Stumbling at the brink of the door, Jonathan almost did a double take as his hand appeared to fly away from his body, towards the brim of the knob, which, after much deliberation and necessary violence opened immediately, or as immediate as any reluctant piece of wood allows. The birds were still singing their hearty song, which Jonathan would have noticed, if it hadn't been for the disappointment of the empty sheet of air and the general lack of anything at all that stood waiting. There had been a noise, that much was true, but the noise seemed to belong to a mysterious being that had no bodily functions, not even a head. Not that Jonathan was in any way hoping to come across a floating head, but that would have been a start. At least it may have been able to explain why there was nothing waiting on his doorstep except a letter that read 'Mr Jonathan Harker' and nothing else. Upon reading that he was a fictional middle-class Englishman, Jonathan tittered accordingly and was just about to slam the door while belching his disgust when an unexpected voice paralysed all movement.

'You sir!' Jonathan looked and pictured a very blurred shape. Nice and round, with a wisp of white hair and clothes that, well, had already been forgotten. He slipped into his pocket and fingered for his glasses, which, upon reflection, may have been better served in the depths of his fleece. 'How are you chap? I haven't seen you in weeks. How are tricks? I do hope you are doing well. Not that I need to hope, mind you, I know that won't make a blind difference. Hah! So how are we?'

This was the man that had become infamously known as the man with all the questions. Never waiting long enough to listen for any answers, most conversations were often entirely conducted by himself, with the odd mutter of indifference from his unfortunate neighbour. It had been rumoured that local housing sales had been affected because of his presence, which, although mighty in its claim offered some credibility.

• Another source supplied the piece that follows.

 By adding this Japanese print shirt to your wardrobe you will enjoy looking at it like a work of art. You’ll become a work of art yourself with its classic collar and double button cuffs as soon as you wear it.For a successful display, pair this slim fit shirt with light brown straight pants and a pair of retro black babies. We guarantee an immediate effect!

He had become a symbol of dread in the community but like any typical suburban neighbourhood with a hint of the bourgeois; blatantly telling the annoying old git to disappear flouted the rules of civility. So, like any respectable, privileged middle-class citizen will tell you, forced politeness was an absolute necessity. Or avoiding eye-contact and bolting the door before the bastard can arrest you with his dreary monologues.

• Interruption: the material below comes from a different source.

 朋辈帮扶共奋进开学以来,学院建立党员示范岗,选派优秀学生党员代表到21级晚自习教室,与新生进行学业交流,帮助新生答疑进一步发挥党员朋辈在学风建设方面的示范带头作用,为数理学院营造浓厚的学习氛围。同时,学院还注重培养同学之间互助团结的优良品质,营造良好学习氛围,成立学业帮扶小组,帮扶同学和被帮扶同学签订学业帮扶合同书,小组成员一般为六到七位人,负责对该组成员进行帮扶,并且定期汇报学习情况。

'Everything is the same as it always was, my old acquaintance.' Jonathan uttered the last word with decisive hostility. 'I am just about to walk the dog and in a terrible rush. How is the old heart, still pumping and making itself known, I hope?'

'I didn't realise you had a dog, Jonathan!' The old man levelled with his prey and approached with intent. He was not going to be pushed away so easily. 'What type of breed?'

'Legs. Tail. Bad breath. You know..' Jonathan was becoming severely flustered. He knew he had walked into an elephant trap and his memory had played one of its most famous tricks, choosing to totally omit any useful information and render him clueless to anything remotely dog-related. With any luck there would be a bark coming from next door, until he remembered that there it had no occupants and certainly nothing resembling something that plays ball. 'Labrador. Terribly stressful. Molts more than I do and always on the move! I really need to find someone else to take him for walks, I am always much too busy!'

Jonathan saw the eyes light up at this request and almost wanted to kick himself three times over. 'Walk you say? Well, I could be just the man you are looking for, m' young lad! I was a great walker of dogs back in the day, I've owned many in the past.' The wrinkled old man paused solemnly. “'Course there all dead now. Still got the same lead I used to own all those years ago, mind. Couldn't tell you the exact colour, but I know it has a bit of a burgundy flare to it, if you could imagine.' He neither needed to imagine nor wanted, at this very moment, to assess the resources of the mind that handled any specifics concerning the method employed to walk furry animals. All Jonathan wanted to do was to walk back into his house and waltz right back into bed, without a single thought. This was worse than being rejected by all the publishers in England. It was more crucifying than being punched squarely in the face by his favourite writer, or by being mocked metaphorically by his most admired poet.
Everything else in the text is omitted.